The Experience of Care in People With Palliative Needs and Their Families: A Qualitative Metasynthesis
Ana Gil Méndez, Caterina Checa Jiménez, Ingrid Bullich Marín, Laura Navarrete Reyes, Carolina Watson Badia, Nina Granel Gimenez, Lídia Ribera Barberan, Mireia Subirana Casacuberta, Juan M. Leyva‐MoralABSTRACT
Aim
To synthesise and reinterpret qualitative evidence on how people with palliative care needs and their family caregivers experience the care process.
Background
Palliative care aims to provide holistic, person‐ and family‐centred care. Although qualitative research has explored multiple aspects of end‐of‐life care, existing knowledge remains fragmented, limiting its translation into coherent, humanised, and clinically applicable nursing care models.
Design
A qualitative systematic review with interpretive meta‐synthesis.
Methods
A qualitative meta‐synthesis was conducted following PRISMA guidelines. Systematic searches were performed in PubMed, CINAHL, and Scopus for studies published between 2014 and 2024, in English or Spanish, involving adults with palliative care needs and/or their family caregivers from OECD countries. A total of 3232 records were identified. Following screening and full‐text review, 13 qualitative studies were included. Methodological quality was appraised using the Critical Appraisal Skills Programme (CASP) checklist. Findings were synthesised through an interpretive approach using reflexive thematic analysis.
Results
The care experience is configured as a dynamic, relational, and non‐linear process, characterised by emotional, physical, and social demands. Family caregivers report a substantial caregiving burden, often exacerbated by a lack of support, constrained resources, and communication challenges with healthcare teams. From the perspective of people with palliative care needs, the experience of care is closely linked to respect for autonomy, preservation of identity, and the quality of relational presence.

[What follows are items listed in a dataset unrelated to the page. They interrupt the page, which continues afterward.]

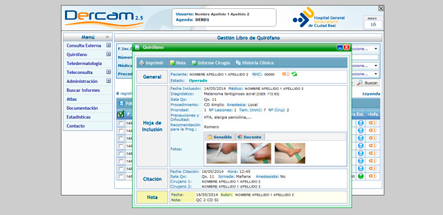 Finalmente, el programa cuenta con un módulo de quirófano que permite la gestión de la historia quirúrgica. Además, el libro de quirófano permite al dermatólogo almacenar y gestionar todos los pacientes que se encuentran pendientes de citar para quirófano, los que se encuentran ya citados y, por último, los que ya han sido operados.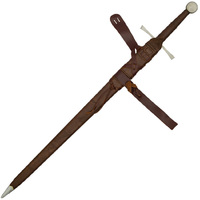 45" (114.3cm) overall. 36" (91.44cm) satin finish blade. Brown leather wrapped handle. Steel guard and pommel. Weight: 2.5lb. Replica of a 13th century long sword. EN42J spring steel blade. Wooden scabbard features integrated leather belt. Brown leather scabbard. Boxed.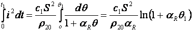 A - aria sectiunii transversale a elementului fuzibil īn sectiunea diminuata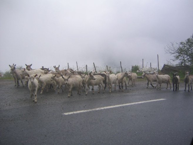 Drove 25km south to Geirangerfjord, considered the most scenic fjord in Norway, and saw nothing but fog down and up the "spectacular valley" full of "breathtaking views" along the hairpin roads. Bummer. I had a hike planned here, but no sense getting out in the fog and rain to see nothing. Too bad we didn't drive here last night before the rain moved in… Did get to see some goats on the road.

Dignity emerges as a cross‐cutting theme, strengthened or undermined by nursing practices, interpersonal interactions, and organisational contexts.
Conclusion
Effective palliative care requires relational nursing practices that uphold dignity and support the family as a unit of care.
Relevance to Clinical Practice
Nursing practice must systematically integrate relational competencies to preserve patient identity and support the family as a care unit. Bureaucratic healthcare structures often act as active barriers to care, necessitating organisational redesign to support family accompaniment.